Queen's Gazette | Queen's University

Search form

Advancing Canada’s low-carbon transition

Bridging the gaps between science and research in Canada’s policy landscape to determine the next generation of nuclear energy facilities

Hands holding two pieces of a puzzle
The Canadian Science Policy Conference brings together leaders in research, industry, and government. (Unsplash/Vardan Papikyan)

How will innovations in science help Canadians, and the world at large, better face the problems of today and overcome the challenges of tomorrow? These questions were top of mind for the more than 2,000 delegates who participated in the 13th annual Canadian Science Policy Conference (CSPC). The most recent event, themed Build Forward Better, brought together leaders in research, industry, and government from across the country to discuss and promote the importance of science and innovation in building productive social and economic policy.

For the third year, Queen’s was a proud co-sponsor of the event, carried out in November 2021, and helped to facilitate conversations around science and energy policy, areas of research strength for the university. Warren Mabee, Director of Queen’s School of Policy Studies and Canada Research Chair in Renewable Energy Development, served as moderator for the conference’s panel on the role of Small Modular Reactors (SMRs) in Canada’s energy transition, hosting team leads from New Brunswick Power and Natural Resources Canada. 
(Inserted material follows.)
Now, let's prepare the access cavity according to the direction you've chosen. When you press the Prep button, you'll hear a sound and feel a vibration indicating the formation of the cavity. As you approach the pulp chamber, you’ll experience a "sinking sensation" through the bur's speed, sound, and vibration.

“Attending the CSPC is particularly special for Queen’s researchers because it allows us to engage directly with both the science and policy communities and help to ensure that decisions around important topics are being made with the latest and most up-to-date knowledge available,” says Dr. Mabee.

Warren Mabee
Dr. Warren Mabee, Director of Queen’s School of Policy Studies and Canada Research Chair in Renewable Energy Development.

For Dr. Mabee and many research experts, SMRs are the next generation of nuclear plants: small, more easily deployed, safer, and potentially able make use of nuclear waste. Many believe SMRs can be key to a transition towards clean energy, particularly within the context of an expanded electricity grid to by energy for transportation, heating/cooling, appliances, and other conventional uses.  Research on the development of SMRs is ongoing, including work conducted by Mark Daymond and Suraj Persaud at the Queen’s Reactor Materials Testing Laboratory

Dr. Mabee led a thought-provoking discussion on the integral role of SMR technology in Canada’s journey towards a net-zero economy. The panelists related their own experiences with the benefits SMRs have brought to clean energy production and considered the best strategies for moving integration policy forward, as well as the added advantage SMRs have in addressing many of the concerns surrounding nuclear power today, including waste management and nuclear proliferation. 
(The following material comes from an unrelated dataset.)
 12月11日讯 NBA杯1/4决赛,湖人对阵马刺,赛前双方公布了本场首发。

Queen’s is also a proud supporter of “Science Meets Parliament,” an initiative aims to help scientists become familiar with policy making at the political level, and for parliamentarians to explore using scientific evidence in policy making, by providing training and opportunities for engagement. Queen’s researchers and Canada Research Chairs Jacqueline Monaghan (Biology) and Andy Take (Civil Engineering) are past program participants.

“Technology has now advanced to the point that we need to take a new look at nuclear. For a long time, we’ve been focused on the challenges with old-school nuclear design,” says Dr. Mabee. “New SMR technology addresses many of these problems and offers a way forward that needs to be considered in future energy planning.”
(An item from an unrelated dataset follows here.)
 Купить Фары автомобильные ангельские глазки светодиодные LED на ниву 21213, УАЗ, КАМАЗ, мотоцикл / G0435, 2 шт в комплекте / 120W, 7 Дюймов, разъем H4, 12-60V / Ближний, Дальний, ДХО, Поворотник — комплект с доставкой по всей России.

Through such dialogue, Dr. Mabee hopes that policymakers walk away with a better understanding of the role that SMRs, and science backed policy in general, play in achieving a healthier planet. 

“Queen’s work on SMRs is just one piece of a larger picture, which is focused on energy transition. We hope that innovative new technologies such as this will carry us further in achieving United National Sustainable Development Goal Seven for clean energy and help us create a more sustainable and prosperous global community,” he says.